**Extracted records**

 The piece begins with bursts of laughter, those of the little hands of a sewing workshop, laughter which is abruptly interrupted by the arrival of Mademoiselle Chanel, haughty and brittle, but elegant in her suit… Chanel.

...

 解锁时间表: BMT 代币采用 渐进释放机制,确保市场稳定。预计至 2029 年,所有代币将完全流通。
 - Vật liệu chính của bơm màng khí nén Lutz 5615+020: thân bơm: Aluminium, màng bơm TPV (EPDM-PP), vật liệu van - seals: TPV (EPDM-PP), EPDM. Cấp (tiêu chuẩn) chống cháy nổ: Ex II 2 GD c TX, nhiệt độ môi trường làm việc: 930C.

**How to complete this task**
Beginning at the line with "解锁时间表: BMT 代币采用" and stopping after the line with "- Vật liệu chính", please write out every line of the data above exactly and nothing else.

**Expected answer**
 解锁时间表: BMT 代币采用 渐进释放机制,确保市场稳定。预计至 2029 年,所有代币将完全流通。
 - Vật liệu chính của bơm màng khí nén Lutz 5615+020: thân bơm: Aluminium, màng bơm TPV (EPDM-PP), vật liệu van - seals: TPV (EPDM-PP), EPDM. Cấp (tiêu chuẩn) chống cháy nổ: Ex II 2 GD c TX, nhiệt độ môi trường làm việc: 930C.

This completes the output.